Игорь ШУМЕЙКО. ВРЕМЯ ПЕРЕМЕН. Об одноимённом романе Николая Лугинова
Игорь ШУМЕЙКО
ВРЕМЯ ПЕРЕМЕН, или Откуда есть пошло Великое Переселение народов?
Об одноимённом романе Николая Лугинова
Классик современной якутской литературы Николай Лугинов известен многими книгами, особенно романом «По велению Чингис Хана», по которому снят международный блокбастер «Тайна Чингис Хана» (2009, Россия – Монголия – США). Казалось, сколько написано о создателе самой крупной империи мира, у киношников выбор был широчайший – но лучший, самый живой Чингис Хан оказался у Лугинова, благодаря особому поэтическому духу, парящему над прозаическим вроде текстом эпопеи.

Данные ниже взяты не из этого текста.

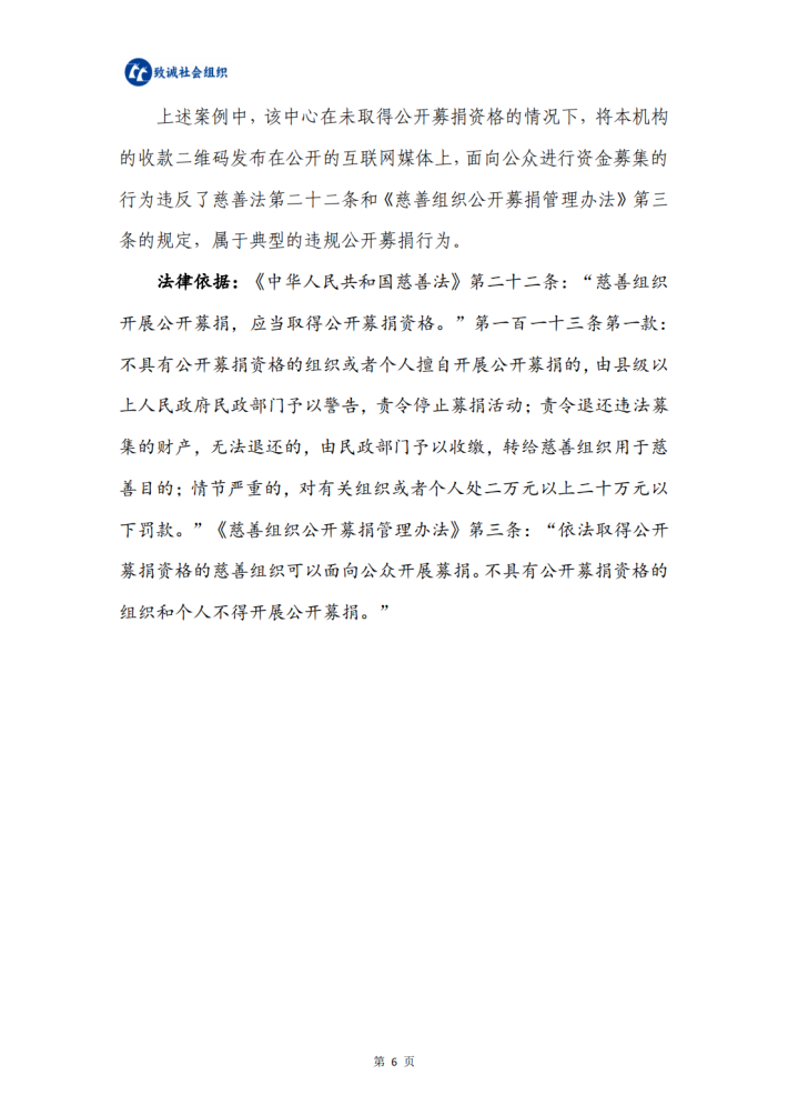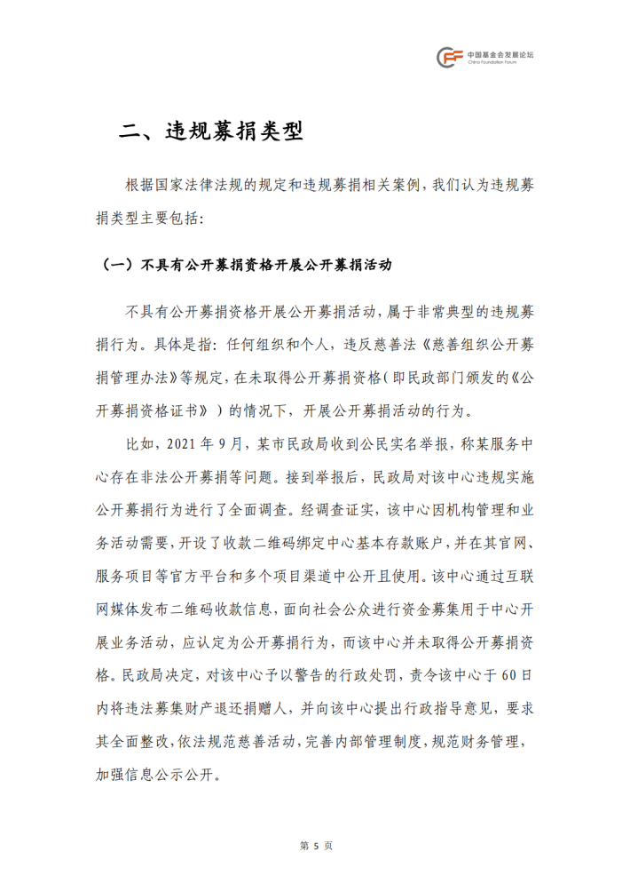 公开募捐取得较好成绩的同时也存在诸多问题,比如没有公开募捐资格开展公开募捐活动、募捐过程信息公开不及时、募捐方案未备案、募捐文案侵权等问题。为进一步规范慈善募捐行为,项目组收集了因违规募捐被行政处罚的案例、司法裁判案例以及网络舆情案例等,结合新修改的慈善法及配套政策的规定,编写了《违规募捐行为分类及法律问题分析报告》,供相关部门和行业组织参考,以期推动我国慈善事业的高质量发展。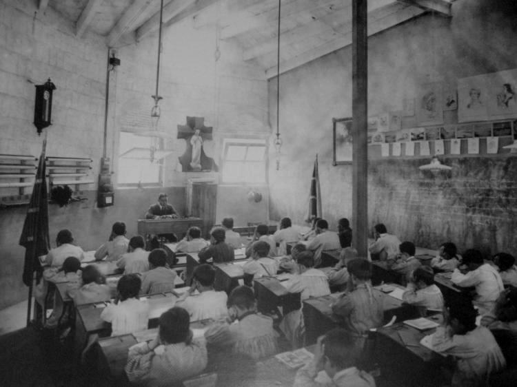 We note a well-appointed Spanish classroom in 1910 with a blackboard and a set of maps. (We are not positive about the date. It may be an estimate.) We suspectv that this was a little better appointed classroom than most children attended. Notice the the statue of Jesus at the front of the class. We are not sure, however, if this is a state school or a Catholic school. The boys have double desks. They wear white or light-colored smocks. The school was located in Barcelona. We are not sure all Spanish children wore school smocks like this. There may well have been regional differences.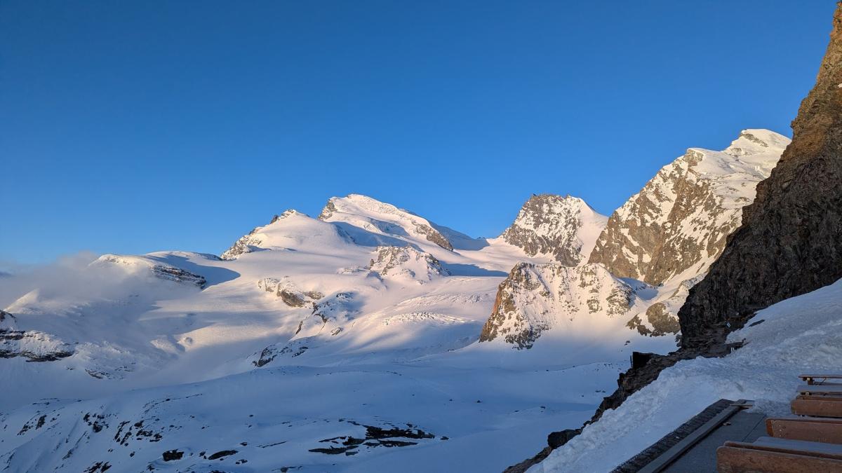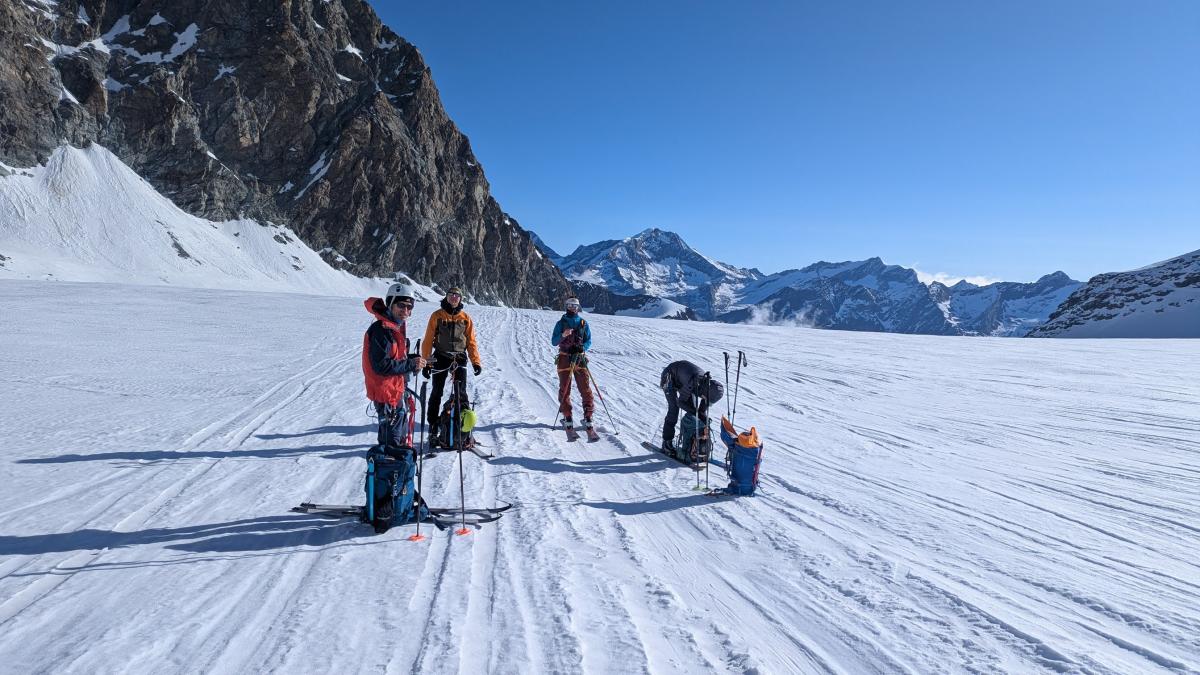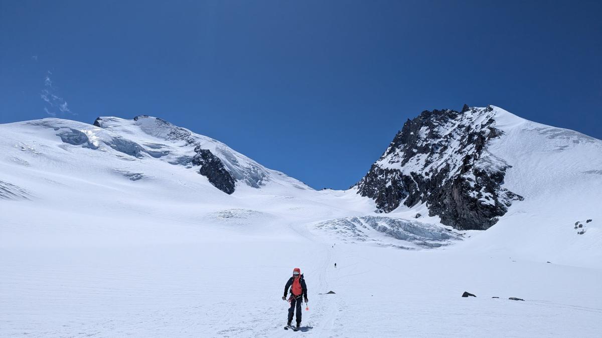 Antoine : Le deuxième jour nous partons en direction de notre deuxième objectif de la semaine, le Strahlhorn qui culmine à près de 4200m d'altitude. Réveil à 6h comme la vieille et nous basculons cette fois de l'autre côté du Brittaniahütte un immense glacier à traverser dans un cadre somptueux ! Le soleil est encore au rendez-vous tout au long de la journée. En arrivant au Adlerpass à 3800m nous avons l'occasion d'avoir pour la première fois du séjour une magnifique vue sur le Cervin ! Nous attaquons ensuite les dernières pentes pour aller au sommet et la fatigue se fait sentir sur les 200 derniers mètres en raison de l'altitude. Nous entamons ensuite notre descente avec un pique-nique sur le glacier avant de rejoindre le Britanniahütte vers 15h-15h30.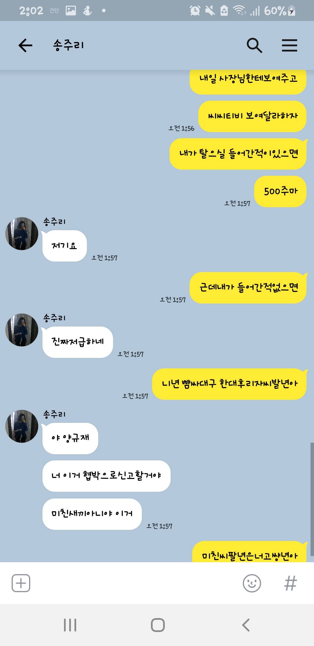 나같아도 왠 미친년이 갑자기 왠지랄인가 생각하면서 개쌍욕 박았을듯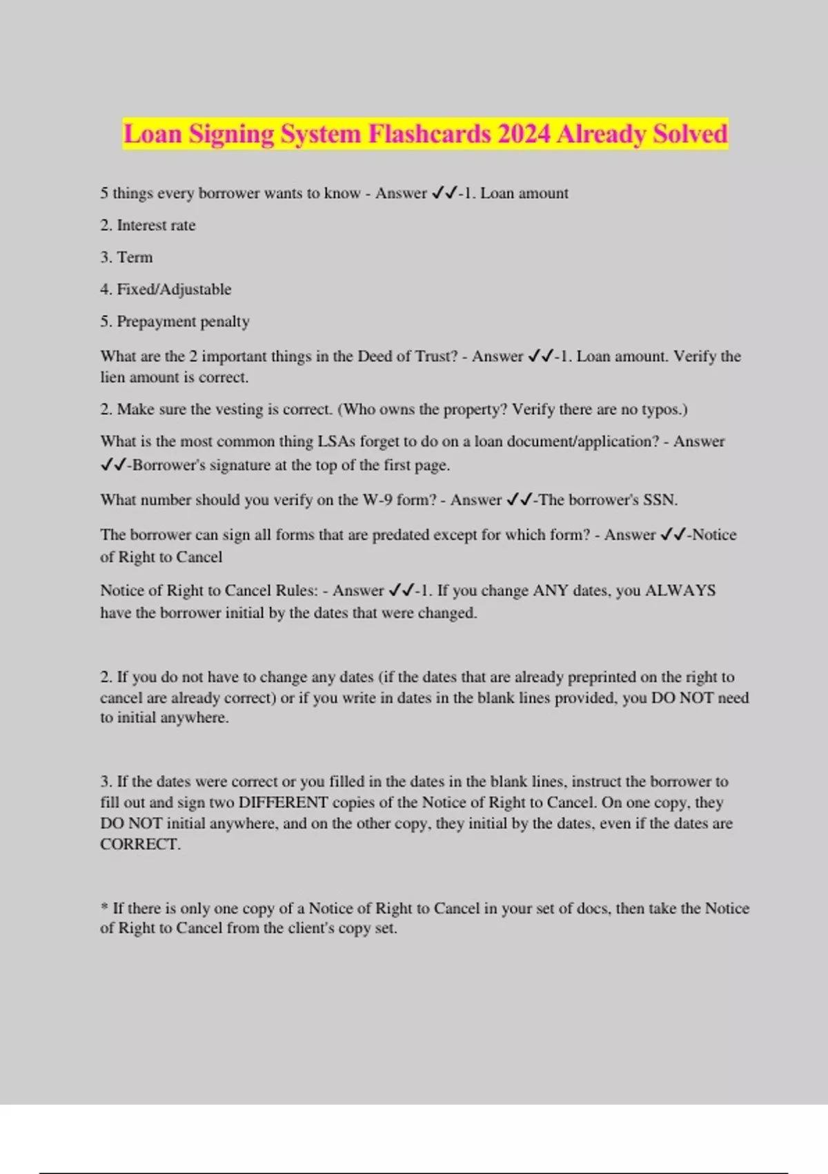 Loan Signing System Flashcards 2024 Already Solved 5 things every borrower wants to know - Answer ️️ -1. Loan amount 2. Interest rate 3. Term 4. Fixed/Adjustable 5. Prepayment penalty What are the 2 important things in the Deed of Trust? - Answer ️️ -1. Loan amount. Verify the lien amount is correct. 2. Make sure the vesting is correct. (Who owns the property? Verify there are no typos.) What is the most common thing LSAs forget to do on a loan document/application? - Answer ️️ -Borrower's signature at the top of the first page. What number should you verify on the W-9 form? - Answer ️️ -The borrower's SSN.
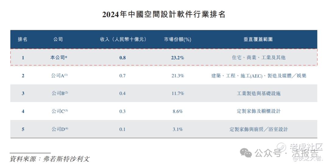 根据弗若斯特沙利文的资料,按2024年的收入计,公司是中国最大的空间设计行业软件提供商,约占市场份额的23.2%。公司的产品矩阵主要包括: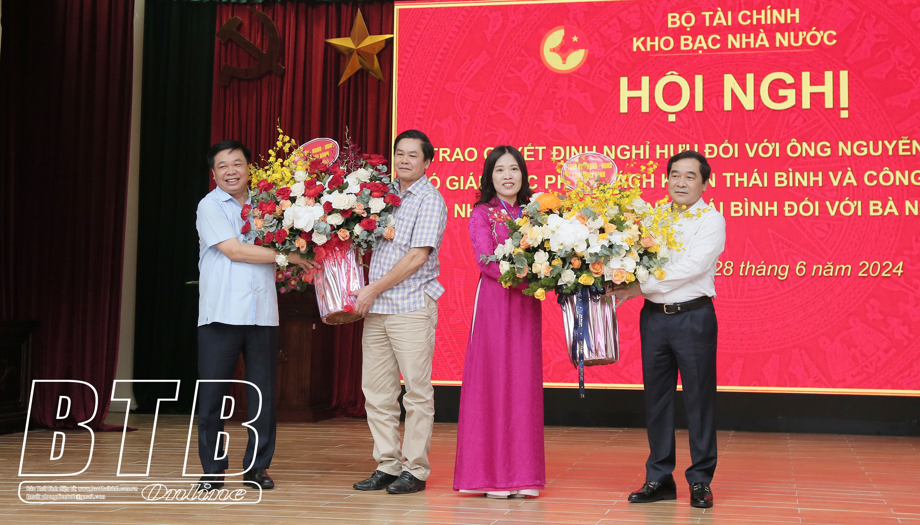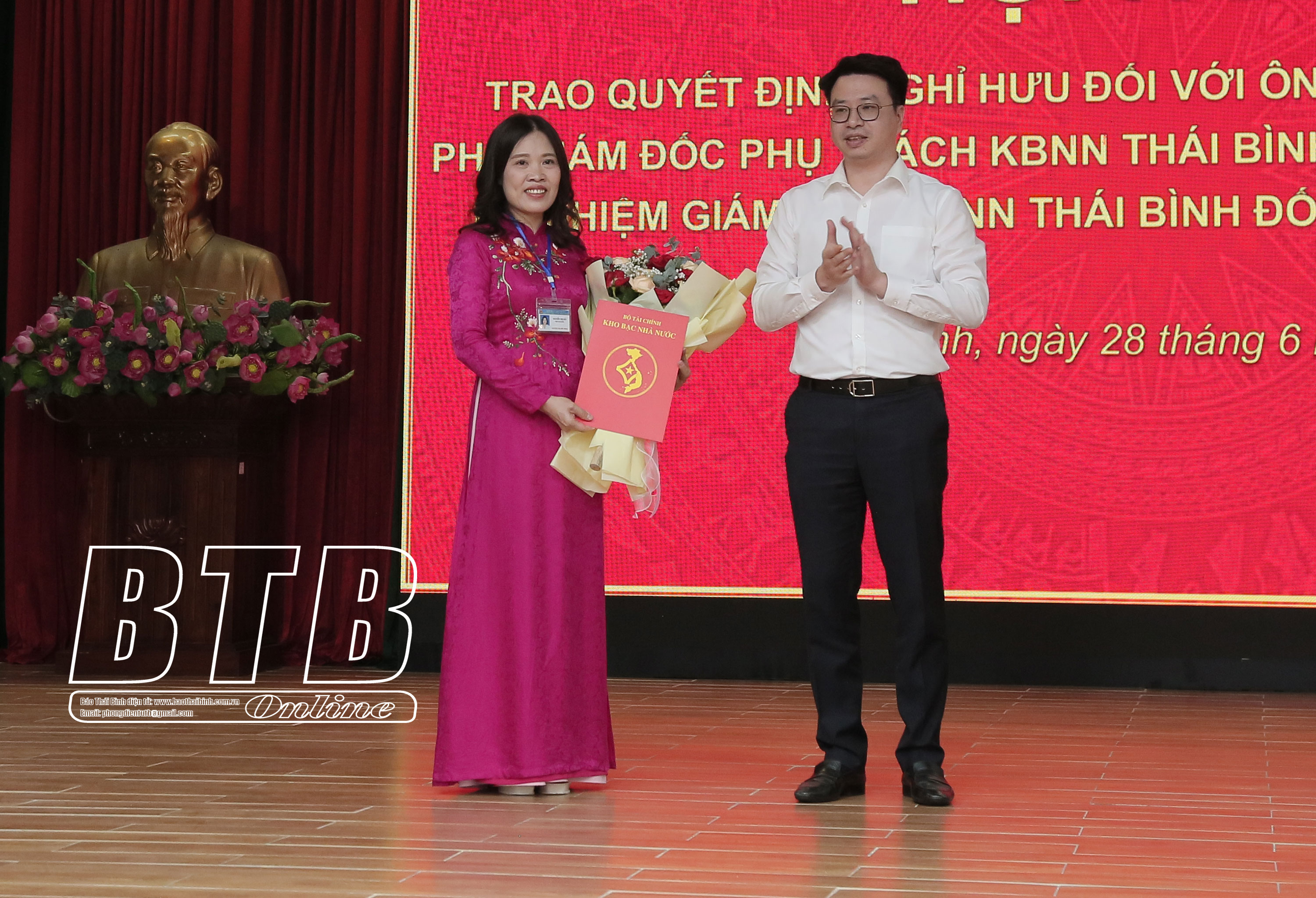 Tại hội nghị, KBNN đã công bố quyết định nghỉ hưu đối với đồng chí Nguyễn Trung Kiên, Phó Giám đốc phụ trách KBNN Thái Bình; đồng thời công bố quyết định bổ nhiệm đồng chí Nguyễn Thị Hải, Phó Giám đốc KBNN Thái Bình giữ chức vụ Giám đốc KBNN Thái Bình.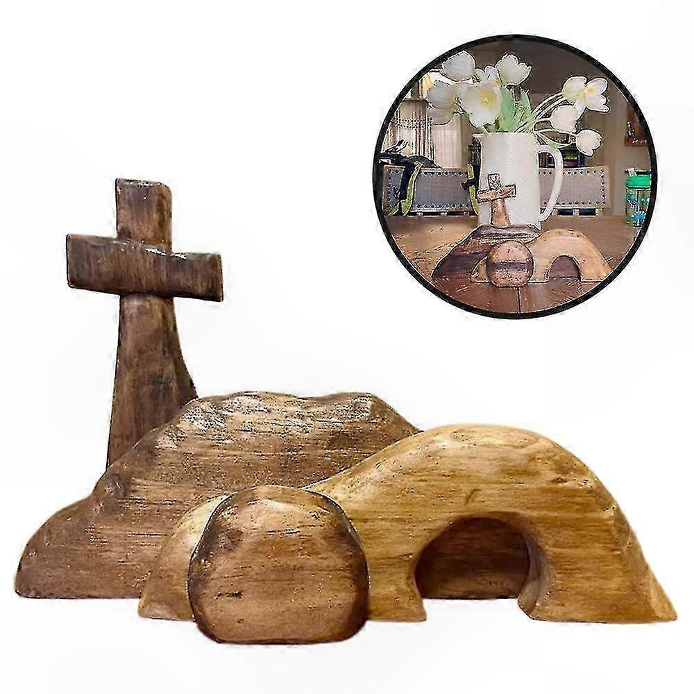Easter Cross and Tomb Decor Set, Wooden Tiered Tray Decoration Bundle for Easter Celebrations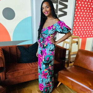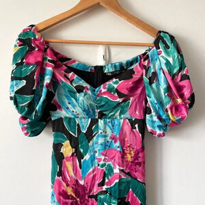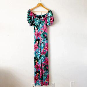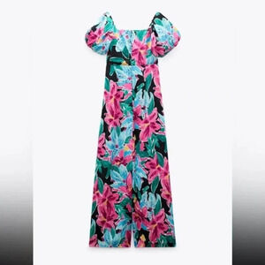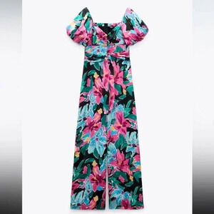Zara Floral Print Satin Like Jumpsuit Puff Sleeve Size Medium Blogger Fave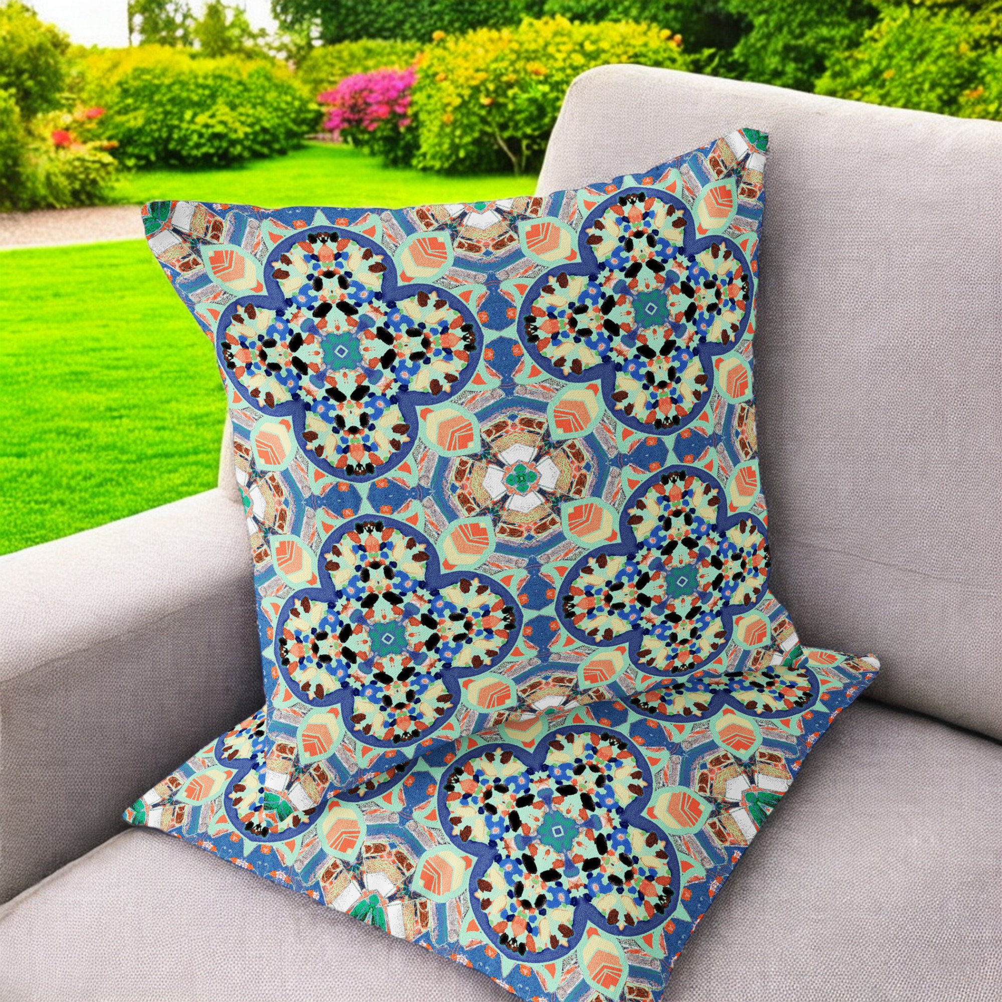 Clover Leaf Floral Indoor/Outdoor Set of 2 Pillows in Blue Purple Peach
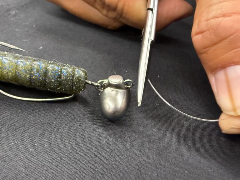 4.ライン結束用スナップにラインを結び、ソフトベイトをフックに装着すれば完成です。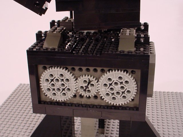 The gears on the side of the building turn as the turret rotates. They're totally gratuitous, but it does look cool.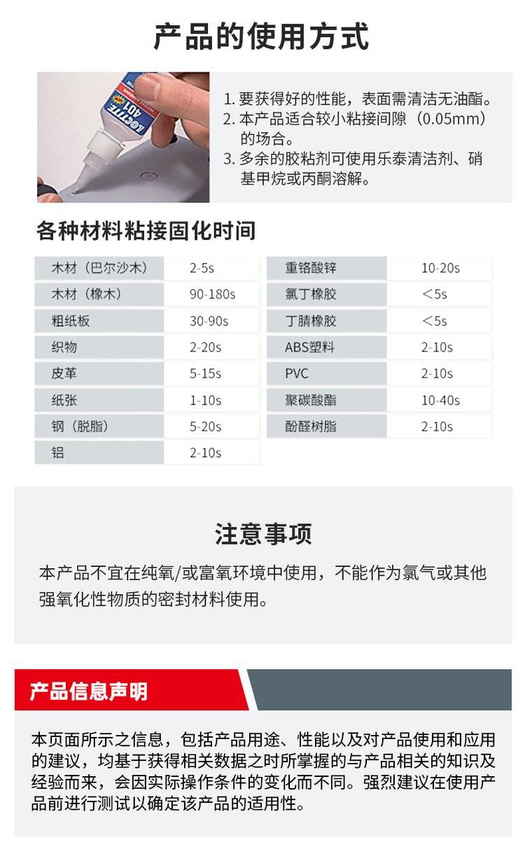 乐泰胶水416瞬干胶 塑料、橡胶和金属 无色透明液体 快速定位 20g

Новый роман «Время перемен» изначально проигрывает именно отсутствием такой супер-фигуры, исторического мега-брэнда. Точнее, один знаменитый, и весьма, персонаж появится в самом конце книги.
Ещё больший «минус»: выбор эпохи. Ведь тютчевское «блажен, кто посетил сей мир в его минуты роковые», в наибольшей мере касается пишущего брата… и написанного им. Разгар битв, столкновения или рождения империй – самые выигрышные темы.
А тут: примерно IV век до н.э., Ил хунну (империя гуннов) на пике спокойного могущества, типа Британии в конце века королевы Виктории. Вся великая степь покорилась гуннам, Китай (все семь воюющих меж собой царств) исправно платит дань. «Бедные хунны. Чистый, честный, добропорядочный и доверчивый народ. Они слишком уверовали в свою исключительность, и ещё не знают, насколько ощущение превосходства опасно для них самих».
Автор любовно описывает жизнь сёгуна (главкома хуннской армии) Турара. Император (саархаан) ценит его, умоляет остаться на посту. А у старика только две заботы: 1) его три жены дружно заставляют принять, наконец, в семью и четвертую, Кыыс-Хотун.; 2) два уцелевших внука Быбыр и Акол.
Семнадцатилетний Бабыр стал мегенеем (командиром тысячи), а слепой от рождения Акол вдруг решил уйти паломником в горы Кунь Линя.
«Мужчина-хунн обычно никогда добровольно жениться не хочет: ни в первый раз, ни в последний, его всегда к этому принуждает сама традиция…». В романе эту роль на себя берёт средняя жена: «Мы должны предвидеть, кто вскоре будет обозом командовать? По нашему обычаю, его ещё никто не отменял – одна из младших жен сёгуна. Нам с вами это почти не по силам уже. Она же ещё не жена, а пока простая распорядительница, потому что вот уже три года так и не допущена до постели. И неуверенность её голоса при отдаче приказов все слышат. Время идёт, кто знает, какие старческие напасти нас ждут. Семья не должна зависеть от этого. Мы взяли эту девочку в надежде, что со временем она войдёт в силу, обретёт женскую мудрость и на неё будет возложено не только руководство походным обозом, но и, возможно, забота обо всей нашей семье…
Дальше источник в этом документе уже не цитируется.